Alternatively, you can use [BeautifulSoup](https://www.crummy.com/software/BeautifulSoup/bs4/doc/) to build a scraper in Python. Install it using:


In [None]:
!pip install beautifulsoup4

You'll also want to install `requests` and `lxml`:

In [None]:
!pip install requests

In [None]:
!pip install lxml

There is a lot of good documentation for BeautifulSoup online. For instance, you might want to start with [this tutorial](https://www.digitalocean.com/community/tutorials/how-to-scrape-web-pages-with-beautiful-soup-and-python-3), though note that you probably want to type the Python code here rather than save it in a separate .py file and run it outside of Jupyter notebook.

For your convenience, the final code from this tutorial is provided below.

In [None]:
import requests
import csv
from bs4 import BeautifulSoup


f = csv.writer(open('z-artist-names.csv', 'w'))
f.writerow(['Name', 'Link'])

pages = []

for i in range(1, 5):
    url = 'https://web.archive.org/web/20121007172955/https://www.nga.gov/collection/anZ' + str(i) + '.htm'
    pages.append(url)


for item in pages:
    page = requests.get(item)
    soup = BeautifulSoup(page.text, 'html.parser')

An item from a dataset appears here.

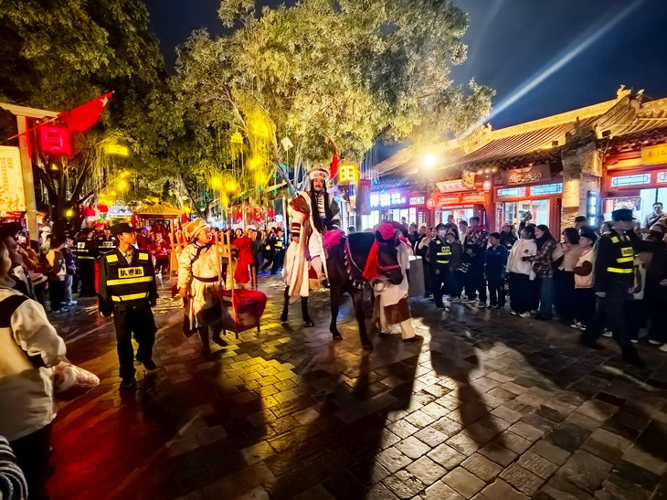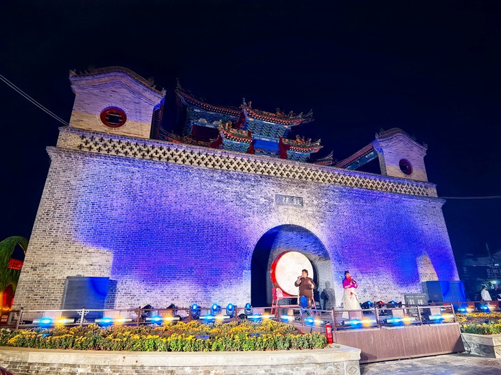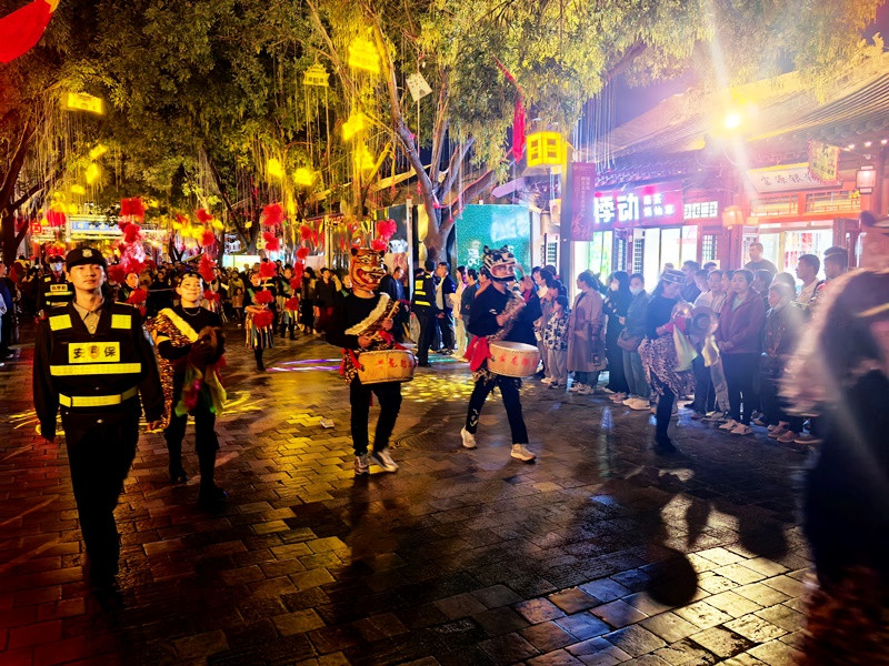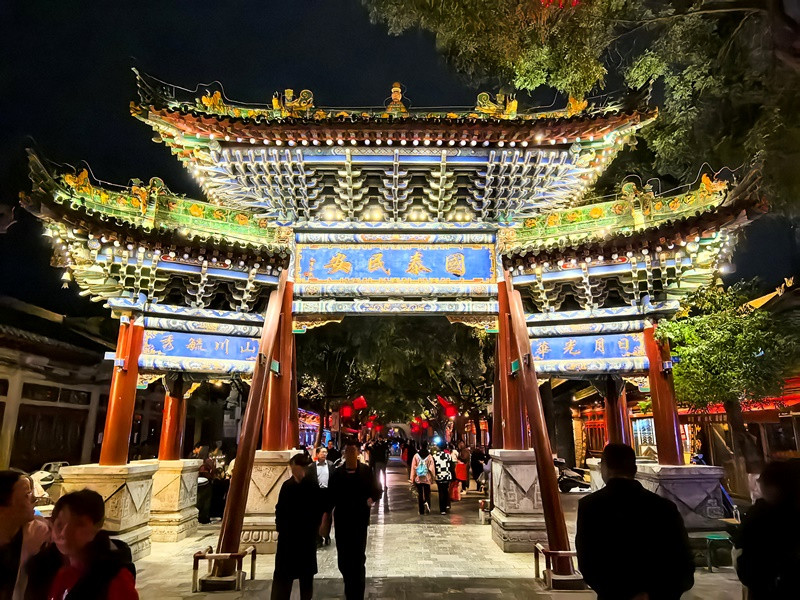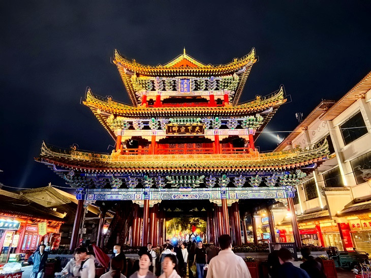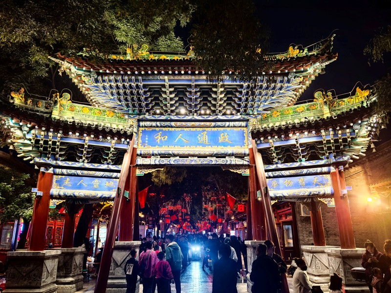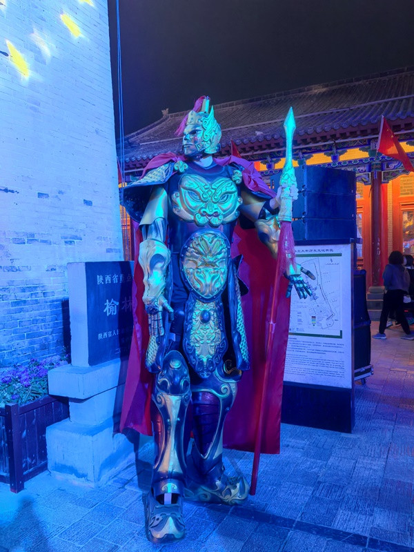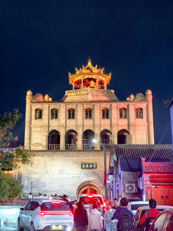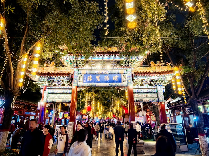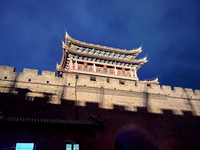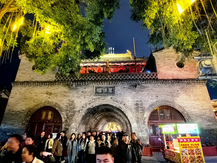 晚上游览榆林古城老街。榆林古城老街形成于明成化年间,全长约1.65km,北起鼓楼,南至文昌阁,是一条集杂货、餐饮、文化、旅游、古建筑为一体的历史老街。

    last_links = soup.find(class_='AlphaNav')
    last_links.decompose()

    artist_name_list = soup.find(class_='BodyText')
    artist_name_list_items = artist_name_list.find_all('a')

    for artist_name in artist_name_list_items:
        names = artist_name.contents[0]
        links = 'https://web.archive.org' + artist_name.get('href')

        f.writerow([names, links])